> [THE TASK]
Repeat all of the data word for word so that only the pictures are missing from the copy.

> [SUPPLIED INFORMATION]

# # # # # # #

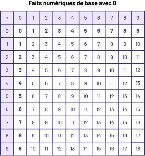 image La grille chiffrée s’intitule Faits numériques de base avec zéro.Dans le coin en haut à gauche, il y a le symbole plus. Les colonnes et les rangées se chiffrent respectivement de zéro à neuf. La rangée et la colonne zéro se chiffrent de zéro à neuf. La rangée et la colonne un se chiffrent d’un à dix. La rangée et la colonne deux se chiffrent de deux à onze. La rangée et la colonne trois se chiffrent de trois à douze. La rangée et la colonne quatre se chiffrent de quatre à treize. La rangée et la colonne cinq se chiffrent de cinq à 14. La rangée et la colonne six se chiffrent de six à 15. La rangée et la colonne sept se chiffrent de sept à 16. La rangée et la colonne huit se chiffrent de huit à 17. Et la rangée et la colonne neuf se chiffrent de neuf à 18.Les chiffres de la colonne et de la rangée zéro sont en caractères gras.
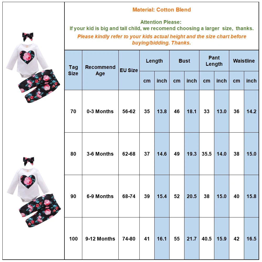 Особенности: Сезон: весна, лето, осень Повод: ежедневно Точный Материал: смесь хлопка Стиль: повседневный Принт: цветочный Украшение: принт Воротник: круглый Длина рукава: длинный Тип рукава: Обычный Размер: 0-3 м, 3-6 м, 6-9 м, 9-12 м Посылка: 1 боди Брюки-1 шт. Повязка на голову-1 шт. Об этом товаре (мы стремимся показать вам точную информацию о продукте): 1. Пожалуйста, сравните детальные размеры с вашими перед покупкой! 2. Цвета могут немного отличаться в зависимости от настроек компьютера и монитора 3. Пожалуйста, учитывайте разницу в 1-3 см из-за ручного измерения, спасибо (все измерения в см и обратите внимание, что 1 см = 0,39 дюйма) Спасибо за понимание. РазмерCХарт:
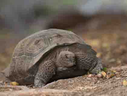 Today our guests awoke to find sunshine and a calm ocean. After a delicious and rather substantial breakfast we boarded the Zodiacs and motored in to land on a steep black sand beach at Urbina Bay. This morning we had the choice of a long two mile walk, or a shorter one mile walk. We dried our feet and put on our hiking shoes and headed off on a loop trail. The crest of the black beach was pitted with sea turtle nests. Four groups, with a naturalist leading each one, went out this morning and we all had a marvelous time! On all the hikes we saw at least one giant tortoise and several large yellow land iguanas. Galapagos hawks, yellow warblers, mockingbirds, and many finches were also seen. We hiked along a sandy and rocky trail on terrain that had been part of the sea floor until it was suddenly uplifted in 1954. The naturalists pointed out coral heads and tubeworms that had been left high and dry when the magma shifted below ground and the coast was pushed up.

# # # # # # #

> [TASK SOLUTION]
 image La grille chiffrée s’intitule Faits numériques de base avec zéro.Dans le coin en haut à gauche, il y a le symbole plus. Les colonnes et les rangées se chiffrent respectivement de zéro à neuf. La rangée et la colonne zéro se chiffrent de zéro à neuf. La rangée et la colonne un se chiffrent d’un à dix. La rangée et la colonne deux se chiffrent de deux à onze. La rangée et la colonne trois se chiffrent de trois à douze. La rangée et la colonne quatre se chiffrent de quatre à treize. La rangée et la colonne cinq se chiffrent de cinq à 14. La rangée et la colonne six se chiffrent de six à 15. La rangée et la colonne sept se chiffrent de sept à 16. La rangée et la colonne huit se chiffrent de huit à 17. Et la rangée et la colonne neuf se chiffrent de neuf à 18.Les chiffres de la colonne et de la rangée zéro sont en caractères gras.
 Особенности: Сезон: весна, лето, осень Повод: ежедневно Точный Материал: смесь хлопка Стиль: повседневный Принт: цветочный Украшение: принт Воротник: круглый Длина рукава: длинный Тип рукава: Обычный Размер: 0-3 м, 3-6 м, 6-9 м, 9-12 м Посылка: 1 боди Брюки-1 шт. Повязка на голову-1 шт. Об этом товаре (мы стремимся показать вам точную информацию о продукте): 1. Пожалуйста, сравните детальные размеры с вашими перед покупкой! 2. Цвета могут немного отличаться в зависимости от настроек компьютера и монитора 3. Пожалуйста, учитывайте разницу в 1-3 см из-за ручного измерения, спасибо (все измерения в см и обратите внимание, что 1 см = 0,39 дюйма) Спасибо за понимание. РазмерCХарт:
 Today our guests awoke to find sunshine and a calm ocean. After a delicious and rather substantial breakfast we boarded the Zodiacs and motored in to land on a steep black sand beach at Urbina Bay. This morning we had the choice of a long two mile walk, or a shorter one mile walk. We dried our feet and put on our hiking shoes and headed off on a loop trail. The crest of the black beach was pitted with sea turtle nests. Four groups, with a naturalist leading each one, went out this morning and we all had a marvelous time! On all the hikes we saw at least one giant tortoise and several large yellow land iguanas. Galapagos hawks, yellow warblers, mockingbirds, and many finches were also seen. We hiked along a sandy and rocky trail on terrain that had been part of the sea floor until it was suddenly uplifted in 1954. The naturalists pointed out coral heads and tubeworms that had been left high and dry when the magma shifted below ground and the coast was pushed up.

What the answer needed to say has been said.